Methodology This multicentre, open-label, single-arm study is being conducted in 2 parts, dose escalation and expansion. Here we report on 2 independent expansion cohorts of patients with recurrent or advanced endometrial cancer (EC) that progressed on or after a platinum-based chemotherapy regimen. Assignment to cohort A1 (mismatch mutation repair deficient [dMMR] EC) or cohort A2 (mismatch mutation repair proficient [MMRp] EC) was determined by immunohistochemistry (IHC) testing. Patients received 500 mg dostarlimab intravenously once every 3 weeks for 4 cycles, then 1000 mg once every 6 weeks until disease progression, discontinuation or withdrawal. The primary endpoints are objective response rate (ORR) and duration of response (DOR) by blinded independent central review using RECIST version 1.1.

Results In total, 126 dMMR and 145 MMRp pts identified by IHC were enrolled and dosed. Of these, 103 dMMR and 142 MMRp pts had measurable disease as baseline and sufficient follow-up time (6 months) for efficacy analyses, respectively. Patients that progressed prior to 6 months were included in the evaluable population. ORR for dMMR EC was 44.7%; ORR for MMRp EC was 13.4% (table 1). Median DOR and OS were not reached in either cohort. Overall, 15 pts (5.5%) discontinued treatment due a TRAE (5 dMMR, 10 MMRp). Safety by cohort and overall are shown in table 2. There were no deaths attributed to dostarlimab.

Abstract 385 Table 1

Antitumour activity

Abstract 385 Table 2

Most common adverse events

Conclusion Dostarlimab demonstrated durable antitumour activity in both dMMR and MMRp advanced/recurrent EC. dMMR status by IHC was associated with a higher response rate. Dostarlimab demonstrated a notable disease control rate (35.2%; 2.1% complete response, 11.3% partial response, 21.8% stable disease) in patients with MMRp EC, which comprised a higher percentage of patients with Type II EC and is historically associated with a worse prognosis. No new safety signals were detected.
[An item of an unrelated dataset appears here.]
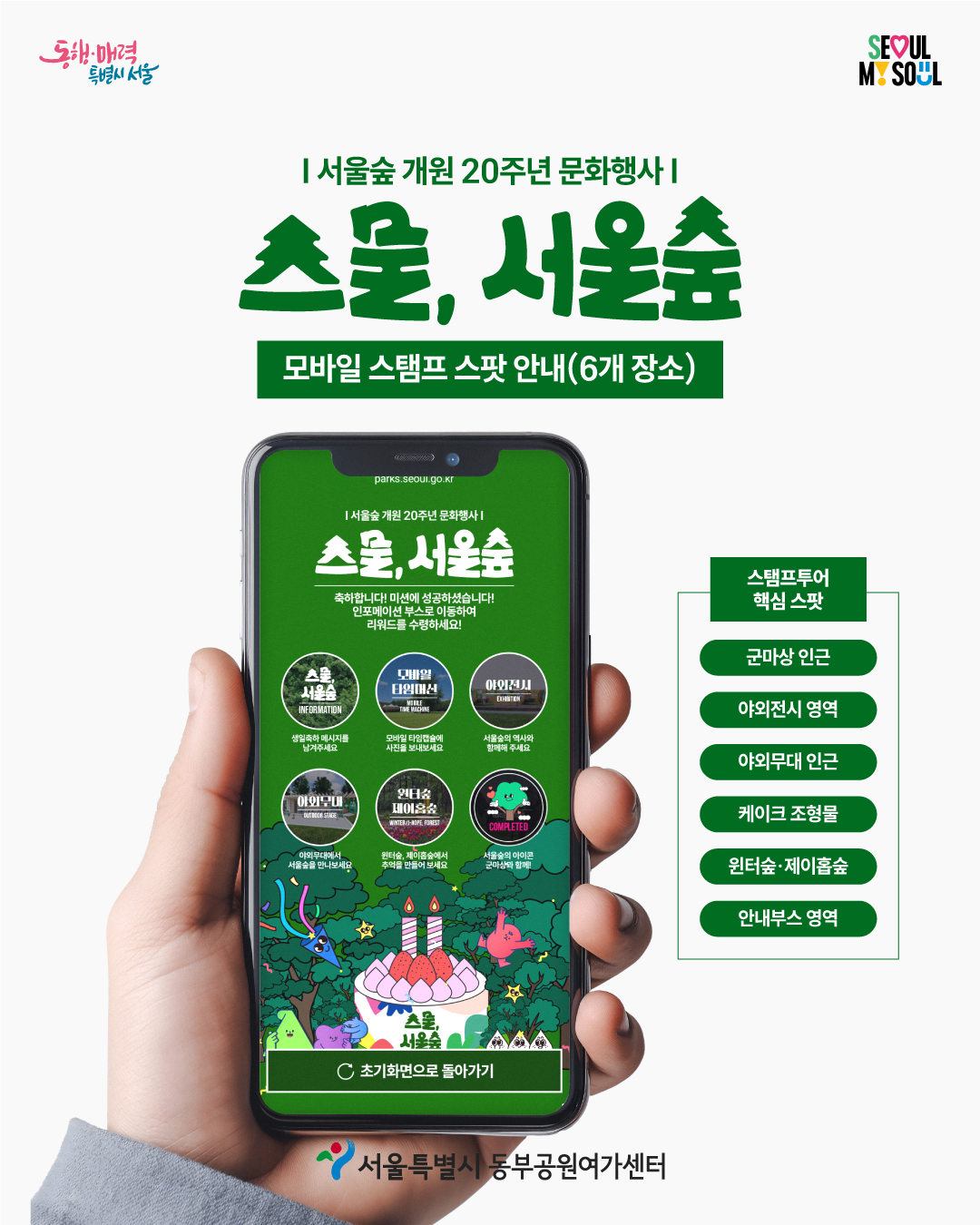 - 참여 방법: 안내부스 QR코드 스캔 → 서울숲 6곳 스팟 방문하여 스탬프 모으기 → 스탬프 6개 모두 모으면 특별 기념 굿즈 수령!

These cohorts are the largest prospective evaluation of a PD-(L)1 therapy in EC to date.

Disclosures Clinical trial registration: NCT02715284

This study was sponsored by GlaxoSmithKline, Waltham, MA, USA.

Dr. Oaknin reports consulting and honoraria from AstraZeneca, Tesaro, Clovis, PharmaMar, and Roche.
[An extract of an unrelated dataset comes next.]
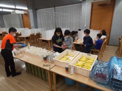 宿舎に戻り、7時半から入浴とバナナ&リンゴジュースの時間です。

Dr. Gilbert reports honoraria from Meck, AstraZeneca, and Pfizer.

Dr. Tinker reports grants and personal fees from AstraZeneca.

Dr. Sabatier reports grants from EISAI and AstraZeneca; personal fees from Roche, Pfizer, Tesaro, Novartis and AstraZeneca; and non-financial support from Roche, Pfizer, AstraZeneca, and Amgen.

Dr. O’Malley reports personal fees from Immunogen, Eisai, Agenus, GSK : Consultant/Advisory Board for Clovis, Ambry, Abbvie, Janssen/J&J, Regeneron, Novacure, Myraid Genetics, Tarveda, Amgen, VentiRx, Array Biopharma, EMD Serono, Ergomed; Steering committee for Genentech/Roche and Merck; Institutional funding from Ajinomoto Inc, Ludwig Cancer Research, Stemcentrx, Inc, CERULEAN PHARMA, GOG Foundation, BMS, Serono Inc, TRACON Pharmaceuticals, Yale University, New Mexico Cancer Care Alliance, INC Research, Inc., Inventiv Health Clinical, Iovance Biotherapeutics, Inc, and PRA International.

Dr. Ghamande reports consulting fees from Seattle Genetics; speakers’ bureau fees from GSK; and institutional grants from GSK, Merck, Roche, Genentech, Takeda, Seattle Genetics, Advaxis, BMS, Clovis, Abbvie, and Tesaro.

Dr. Pothuri reports grants, personal fees and non-financial support from GSK; Advisory Board fees from AstraZeneca and Clovis Oncology.

Dr. Boni has nothing to disclose.

Drs. Guo and Im are employees of GlaxoSmithKline.